Verification Manual
Verifies the validity of the journal bearing elements provided in Bearings - Journal.
Introduction
Two implementations of MotionSolve’s journal bearings, a Dynamic Gumbel Long Aligned Journal Bearing and a Gumbel Short Misaligned Journal Bearing, are verified by comparing their behavior against data found in 1 and 2. The purpose of the verification is to establish the truth, accuracy, and validity of the journal bearing elements in MotionSolve.
Test Subject - Aligned Journal Bearing
Dynamic Gumbel Long - Aligned Journal Bearing | ||
---|---|---|
Parameter | Value | Units |
Bearing Radius | 10 | mm |
Journal Radius | 9.8 | mm |
Journal Bearing Width | 40 | mm |
Lubricant Dyn. Viscosity | 0.4*1e-6 | Ns/(mm^2) |
method | Dynamic Gumbel Long | - |
Internal connection type | PLANAR | - |
There is a very good correlation between MotionSolve and the curves provided by 1. Due to the constant external load, the journal follows a spiral orbit until it reaches a steady state.

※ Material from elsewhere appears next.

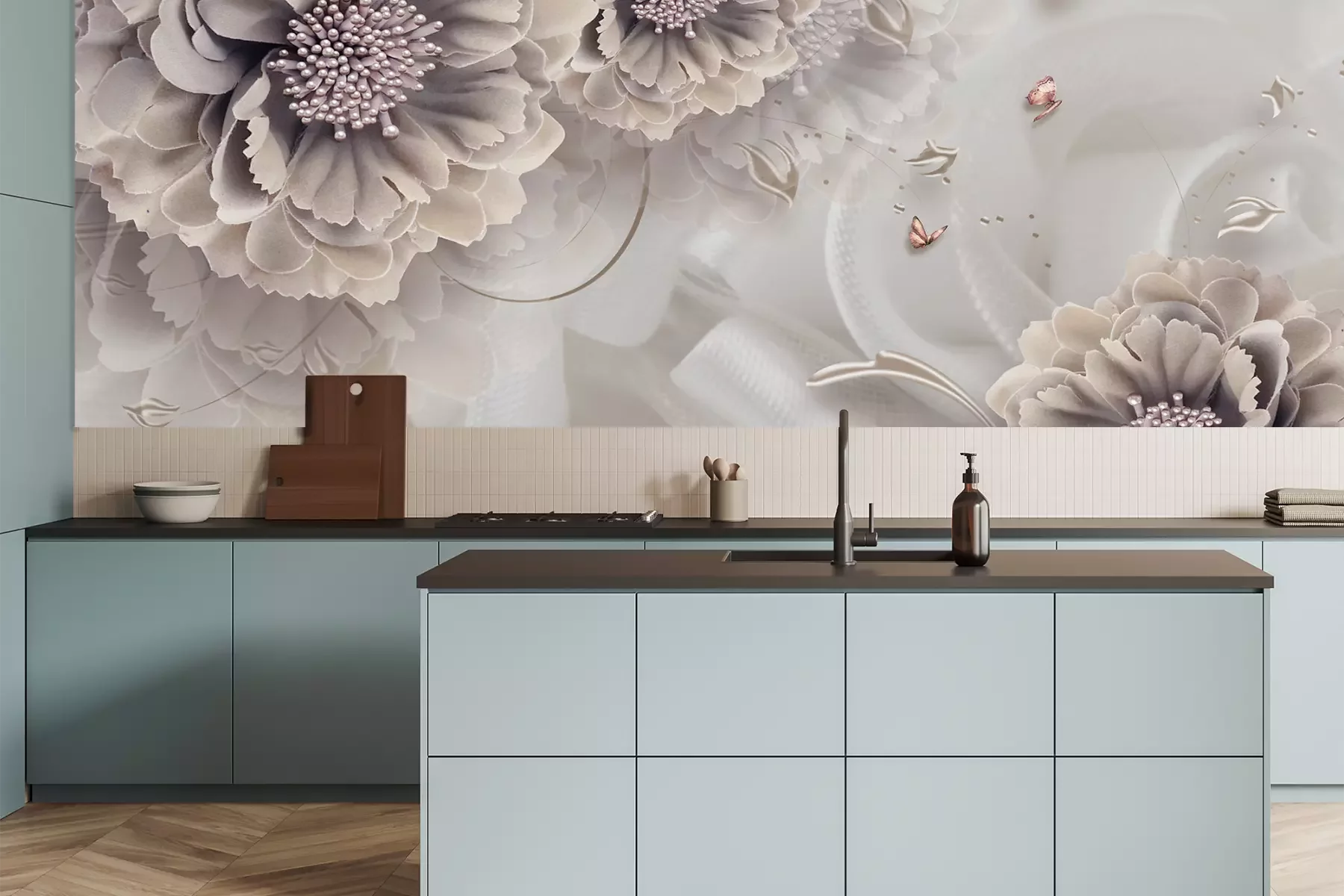 Das Material Premium besteht aus einer glatten Vinyl-Oberschicht und einem Trägermaterial (Vlies), das dehnungsfest und verformungsbeständig ist. Es ist dampfdurchlässig und atmungsaktiv. So können solche Fototapeten in Küchen und Badezimmern verwendet werden. Bei Verschmutzung kann das Material mit einem feuchten Tuch abgewischt werden. Die maximale Breite einer Tapetenbahn beträgt 95 cm oder 105 cm – je nach Verfügbarkeit. Unsere Fototapeten sind für die Tapeziermethode auf Stoß konzipiert. So erzielen Sie einen ästhetischen Effekt ohne sichtbare Fugen. Das Auftragen des Klebers auf die Wand macht die Anbringung der Fototapete schnell und bequem.
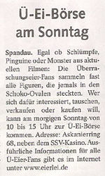 Im Mai 2009 hat das Berliner Abendblatt auf Wochenendveranstaltungen aufmerksam gemacht. Der Zeitungsausschnitt kündigt die Ü-Ei Börse in Berlin Spandau an.

Those oscillating forces decay with time due to the damping characteristics of the fluid until they reach steady value. In this steady state condition, the horizontal force is zero since no external load in the horizontal direction is applied, while the vertical force is the sum of the journal weight and the external load.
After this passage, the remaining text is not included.